What’s Fueling the Bay Area’s Street Addiction Crisis?

Leighton Woodhouse discusses open-air drug markets and booming retail theft industry.
What’s Fueling the Bay Area’s Street Addiction Crisis?
Leighton Woodhouse, a freelance journalist, documentary filmmaker, and co-founder of Public, in Oakland, California on Oct. 31, 2023. (Tal Atzmon/The Epoch Times)
Jeff Minick
In a recent episode of “American Thought Leaders,” host Jan Jekielek talks with Leighton Woodhouse, an investigative journalist, documentary filmmaker, and native of Berkeley, California. Mr. Woodhouse has been documenting the “street addiction crisis” engulfing the Bay Area and the political culture and policies fueling it. He is also the co-founder of the “Public” publication on Substack with Michael Shellenberger and a key investigator of the Twitter Files.
Jan Jekielek: The ideology emanating from Berkeley and from San Francisco is that all drugs should be legal.
Leighton Woodhouse: People tend to think of the Bay Area as very progressive, maybe even radically Left-wing, and that’s true. That misses a big element of the politics here, because it’s also a libertarian culture.

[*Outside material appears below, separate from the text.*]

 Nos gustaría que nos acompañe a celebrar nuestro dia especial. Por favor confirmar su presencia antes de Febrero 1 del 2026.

This Left-wing libertarianism accounts for the fact that we allow open-air drug dealing without criminal enforcement. We allow people severely addicted to drugs to go untreated and just camp out on the streets. We simply have stopped prosecuting crimes in Oakland. You just can’t govern a society that way.

Mr. Jekielek: Give us a picture of how things exist now in the Bay Area, maybe starting with Oakland.
Mr. Woodhouse: I don’t like to use the term homelessness because that implies that people don’t have a home. A lot of the people living on the streets in San Francisco and Oakland have loved ones who have doors open for them.

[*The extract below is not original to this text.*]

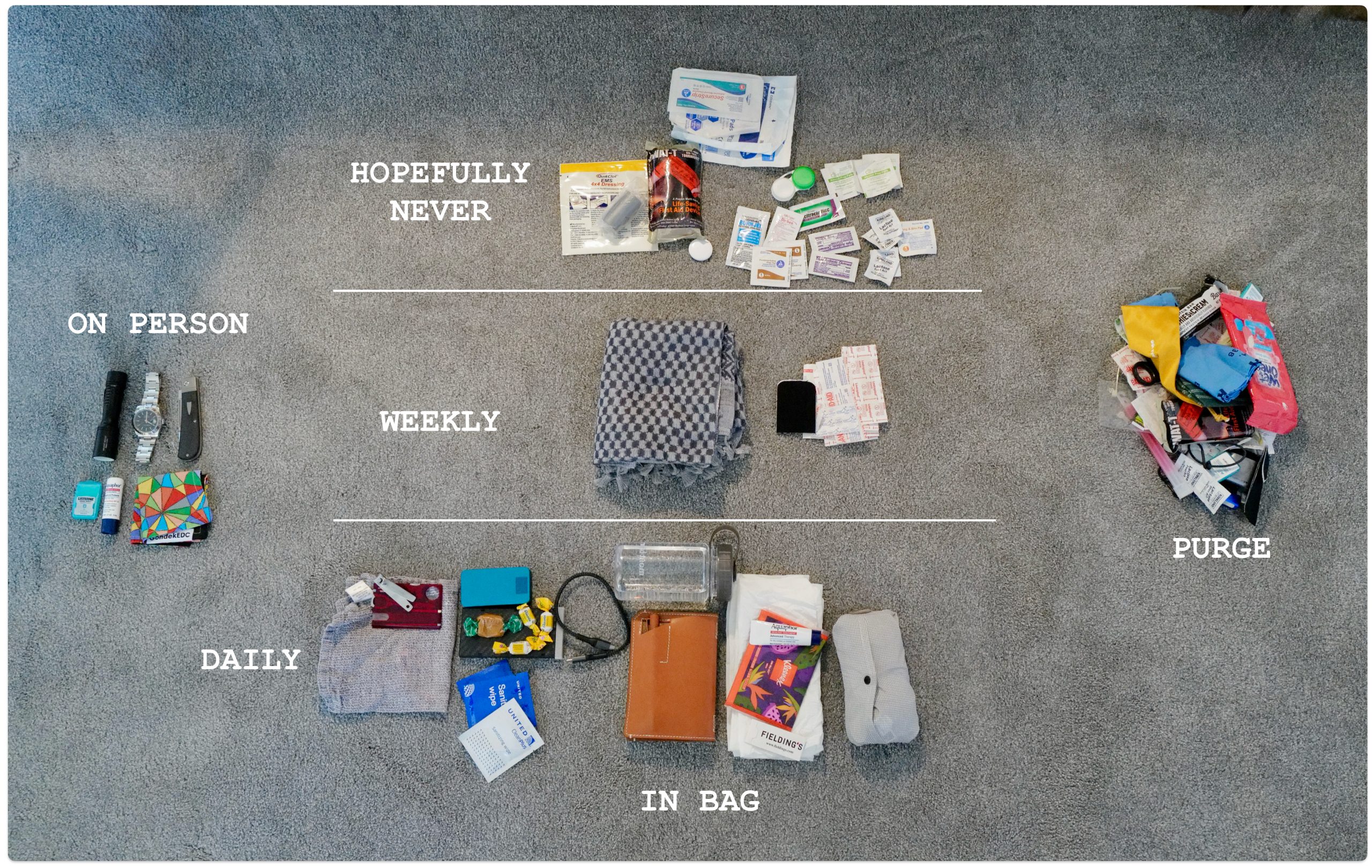 Now sorted by where I’ll carry it, and how often I’ll use it:

The reason people are sleeping on the streets is because if they relocate to some place that’s not five minutes from a drug dealer, when the drug lets off and they start getting dope sick, they get to the point that they want to die. They need to be within walking distance of somebody who can resupply them to take that sickness away. It’s a street addiction crisis. It’s not a homelessness crisis.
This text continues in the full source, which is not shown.